*** Block opens ***

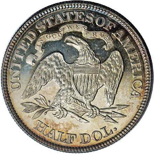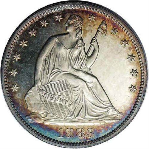 <B>1883<50C> PR64 Cameo NGC.</B></I> An appealing proof, with golden, purple-red, and electric-blue toning at the rims and in some of the fields. The fields are deeply mirrored and the devices partially frosted, yielding a strong Cameo effect. This coin is an exceptional survivor of a late date Seated Half issue, that saw just 8,000 business strikes and 1,039 proofs. Population: 14 in 64 Cameo, 15 finer in Cameo condition (9/05).
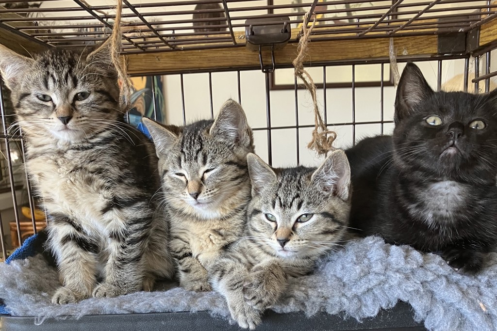 Meet the M litter! Manfred (black) and his tabby siblings Max, Muriel and Mildred are chubby, sweet and very cute kittens but still a little shy.
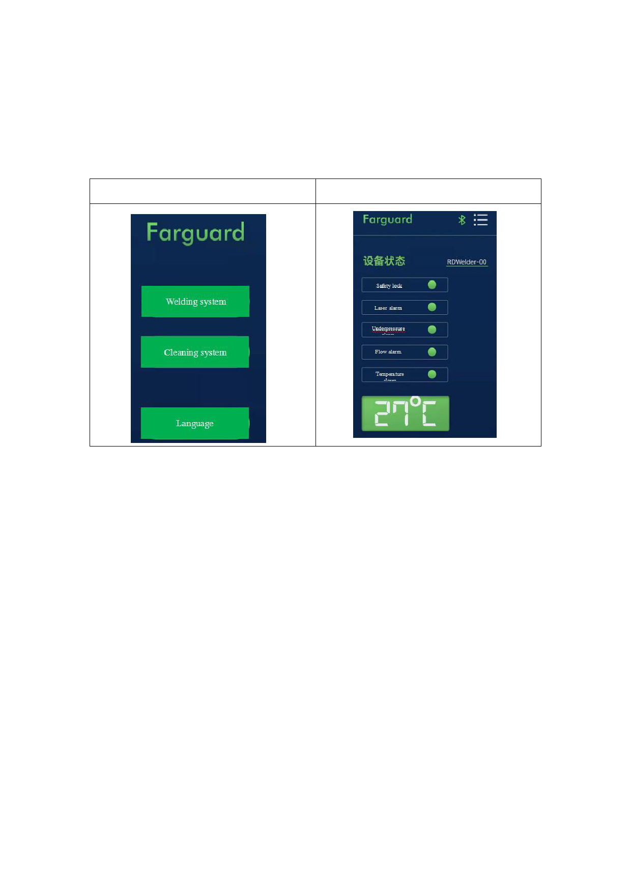 In the monitoring main screen, users can select welding system and cleaning
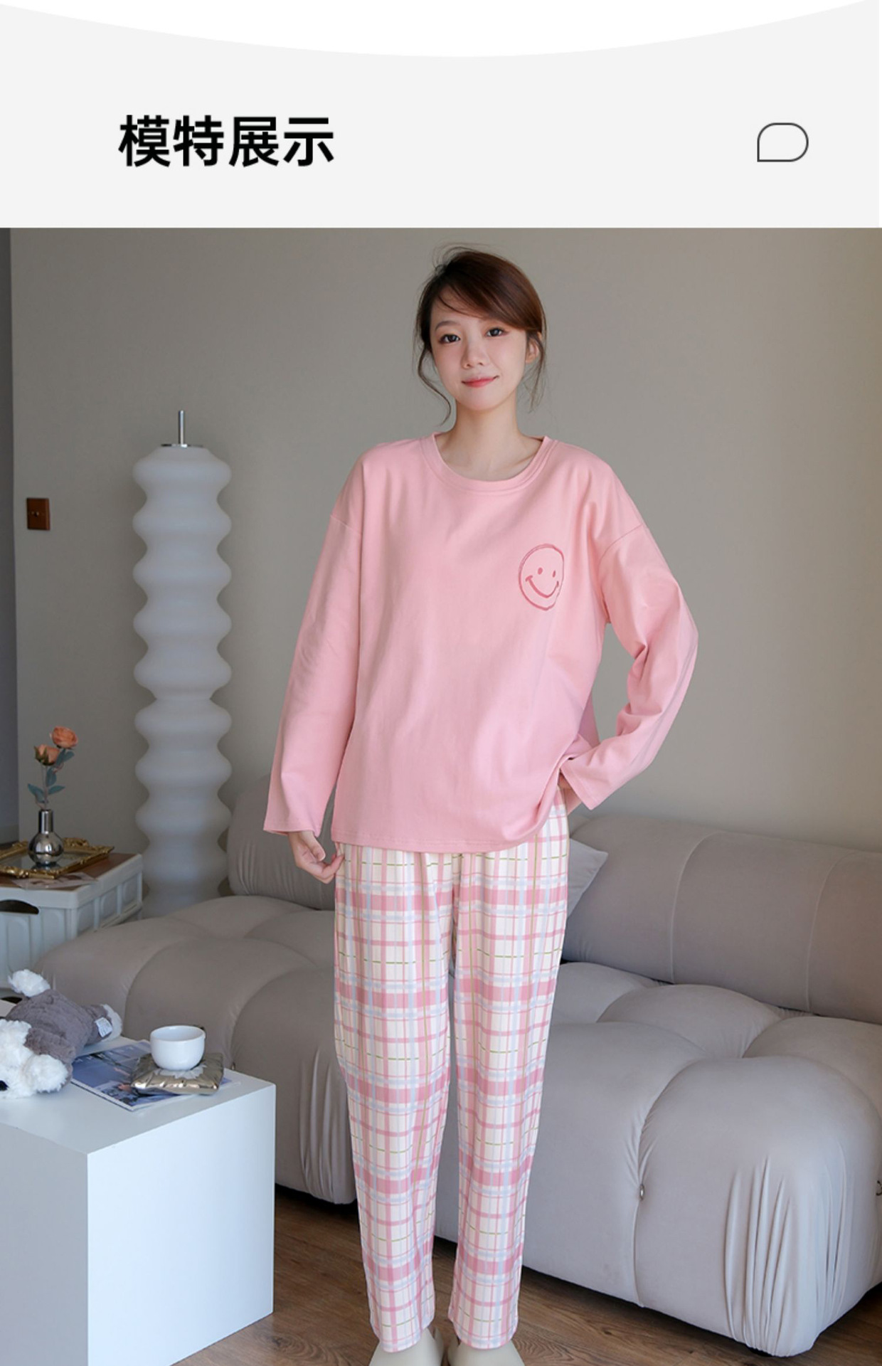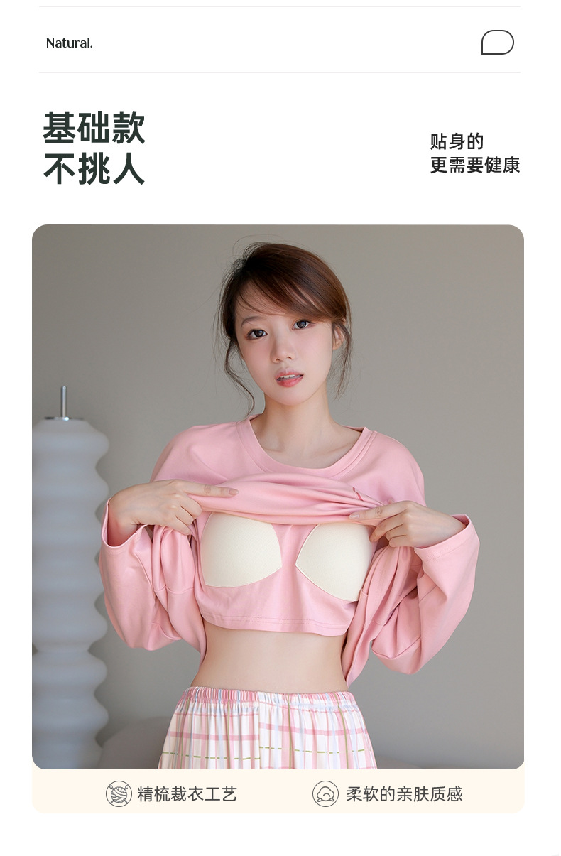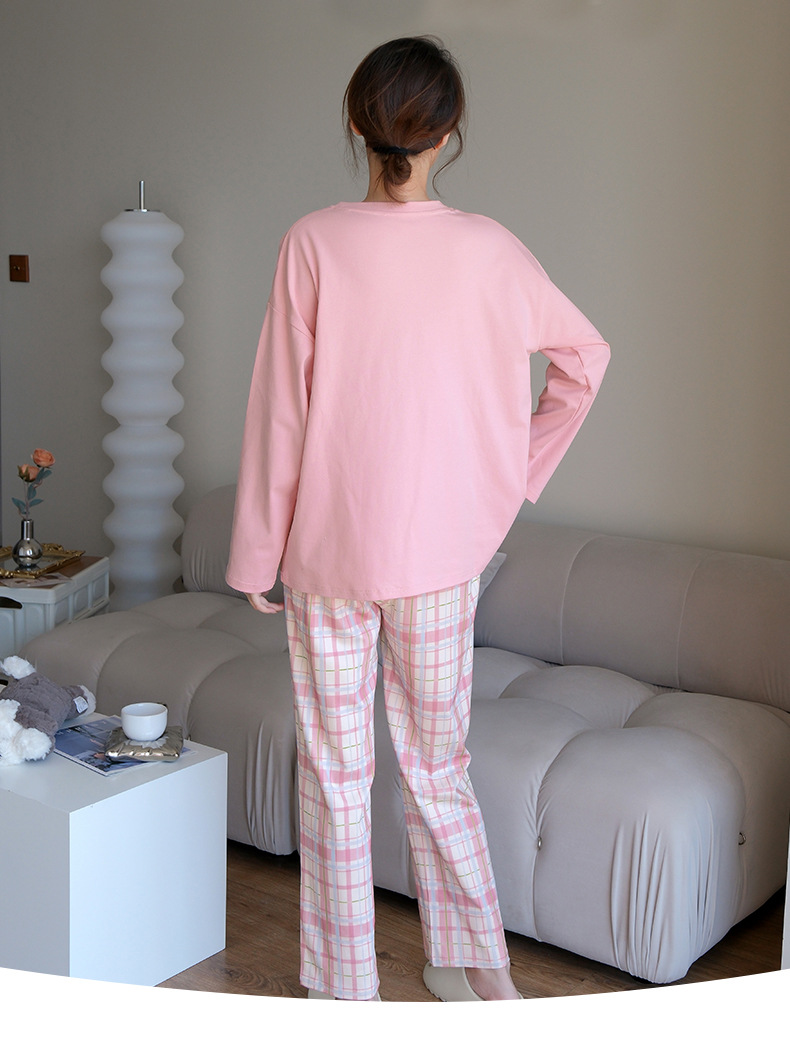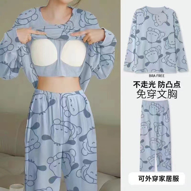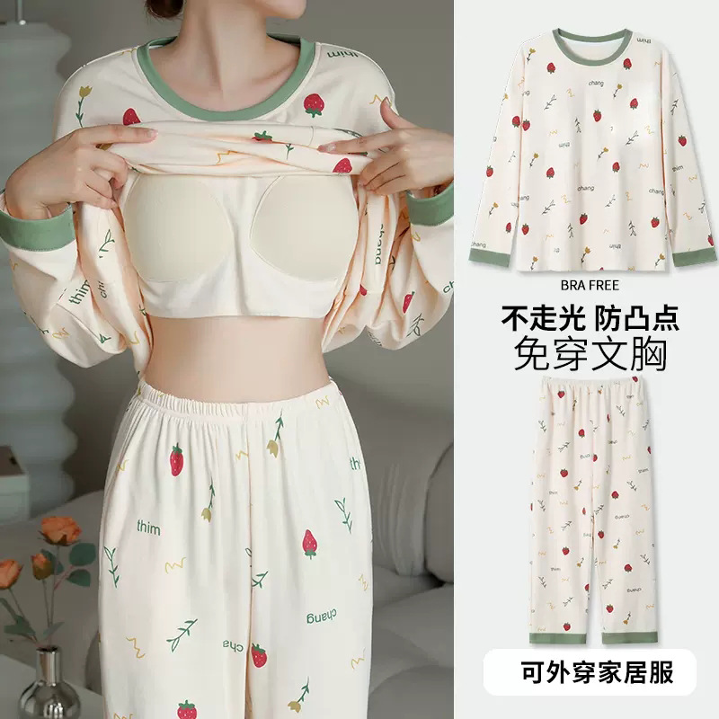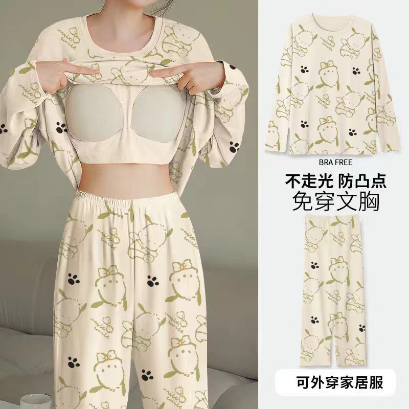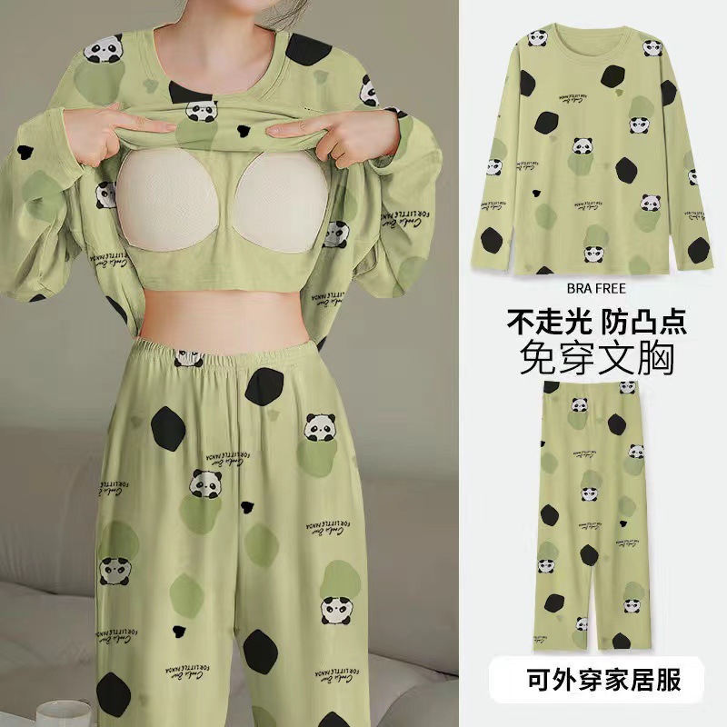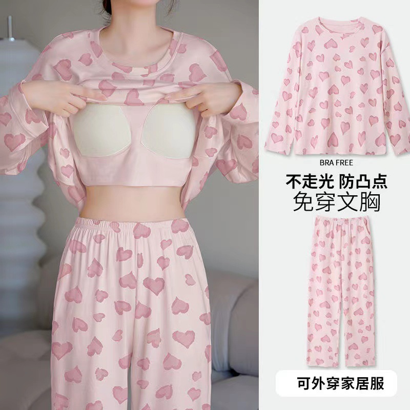 2024 봄과 가을에 가슴 패드를 가진 여성을위한 새로운 스타일 잠옷 긴 소매 바지 홈 의류 세트 캐주얼 의상스토어 가기

*** Block closes ***

Brief:
Return the lines from the one that contains "In the monitoring" through the final line of the listing above, inclusive. Transcribe them exactly and drop the pictures.

Final answer:
 In the monitoring main screen, users can select welding system and cleaning
 2024 봄과 가을에 가슴 패드를 가진 여성을위한 새로운 스타일 잠옷 긴 소매 바지 홈 의류 세트 캐주얼 의상스토어 가기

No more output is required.